Table 1. Von Bertalanffy growth parameters of Merluccius merluccius according to the slow growth hypothesis (SGH) of Aldebert and Recasens (1995), and to the fast growth hypothesis (FGH) of Garcia-Rodriguez and Esteban (2002).

 
To compare the evolution of the number of otolith macrostructures labelled as meaningful with respect to these two growth hypotheses (slow and fast), we analysed the length distribution of the fish whose otoliths were assigned numbers (from zero to seven) of WTZ otolith structures (Figure 10). These length distributions were compared with the predicted length ranges for ages 1–7 for each growth hypothesis. The outcome was that the FGH applies to our results better than the SGH, for both sexes (Figure 10). For FGH, structural sequences consist of zero and one WTZ during the first year, predominantly one and two WTZs during the second year, and mainly two and three WTZs during the third year (Figure 10a). For the second and third years, the appearance of an additional translucent ring seems to correspond to the second half of that year of life. Conversely, there is no consistency with SGH. This analysis should be considered with respect to growth variability, which may be great for hake. Further, it is likely that not all macrostructures are seasonal. Among the structures identified as potentially age-related, some are likely associated with major ontogenetic events. Hence, more than one WTZ structure could be observed for some years of a hake's life. It is not straightforward to generate a perfect match between the length distribution of a given number of observed otolith WTZs and the length range derived from FGH at a specific age. The important result regarding hake otolith interpretation is that the otolith patterns involve some population-related determining factors.

Establishment of a validated age-determination protocol requires further understanding and characterization of the conditions and processes leading to formation of the WTZ macrostructures. To this end, future work should rely on experimental approaches based on tank and field experiments.

Methodological aspects and future work
The methodological developments described here are aimed at characterizing in an unsupervised and objective way the deposition of otolith macrostructures from statistical analysis of the structural information in sets of otoliths. To this end, an unsupervised typology of otolith macrostructures has been derived. This typology then permitted definition of a similarity measure between otoliths in terms of structural information, with a view to quantifying similarities or differences among otolith subsets with respect to macrostructure patterns.

The potential of the proposed methodological framework to analyse structural patterns of otoliths has been demonstrated for a set of several hundred otoliths of hake, which is defined as a complex species in terms of otolith interpretation. The proposed framework could be applied similarly to other complex (in terms of age) or new species for which no validated interpretation protocol is available. Moreover, such unsupervised analysis can also be applied to collections of marked otoliths derived from mark-recapture experiments. In those cases, extraction of the macrostructure typology can also rely on a time-calibration of the macrostructures associated with tagging and recapture date(s), and should contribute to the development of validated and objective interpretation schemes.

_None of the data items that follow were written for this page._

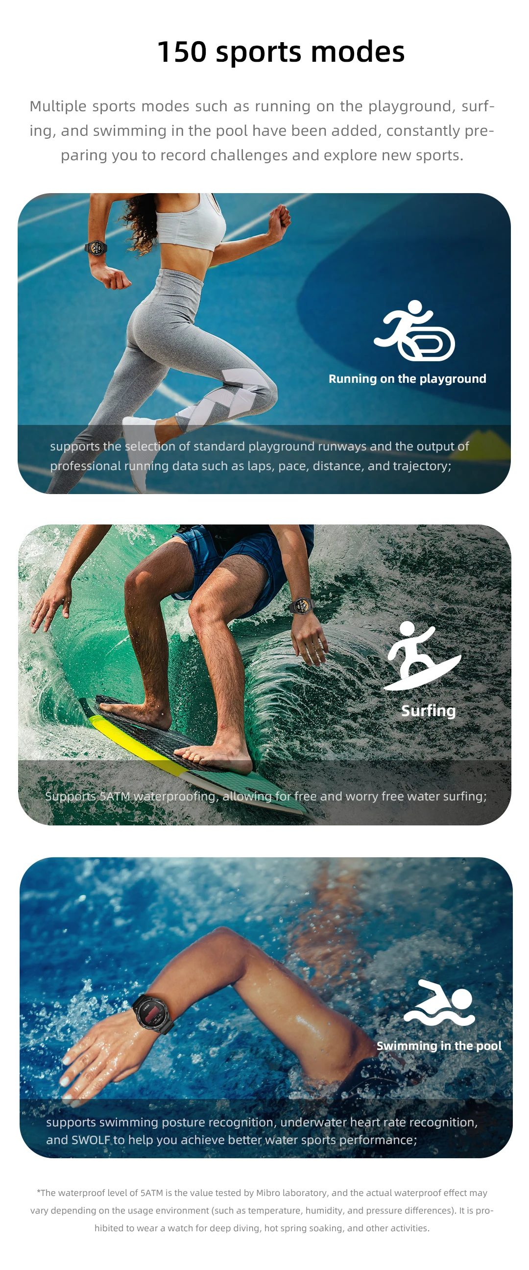 *El nivel de impermeabilidad de 5 ATM es el valor probado por el laboratorio Mibro y el efecto real de impermeabilidad puede variar según el entorno de uso (como diferencias de temperatura, humedad y presión).Está prohibido usar un reloj para buceo profundo, remojo de aguas termales y otras actividades.Los daños al producto causados por la entrada de agua no están cubiertos por la garantía.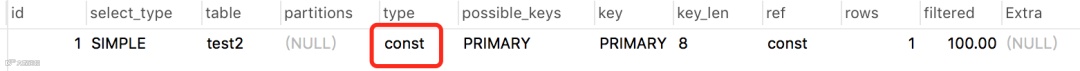 常用于主键或唯一索引扫描。执行sql如下: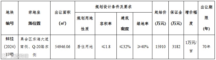 蚌埠暂定5月22日拍卖1宗涉宅用地,面积82亩

Another area of application for the proposed methodology is in the comparison, in quantitative terms, of the interpretation of otolith patterns by experts. Evaluation of intra- and inter-expert agreement in otolith interpretation serves as a basis for standardizing age-estimation protocols and implementing quality assurance and control in age estimation (Morison et al., 2005). Such associated quantitative analysis is restricted to computing agreement rates or the coefficients of variation of age structures, because quantitative evaluation of the similarity of the interpretation of otolith macrostructures is not possible in the absence of metrics. The proposed measure of similarity of otolith patterns can be applied to the patterns interpreted by experts with a view to quantifying interpretation differences, although such application will rely on a predetermined macrostructure typology agreed among experts. The analysis could be performed repeatedly for a single expert to evaluate potential drift in interpretation, between experts to check for consistency of interpretation protocol among experts and/or institutes, and for training to evaluate the relevance of the interpretation with respect to annotated reference collections.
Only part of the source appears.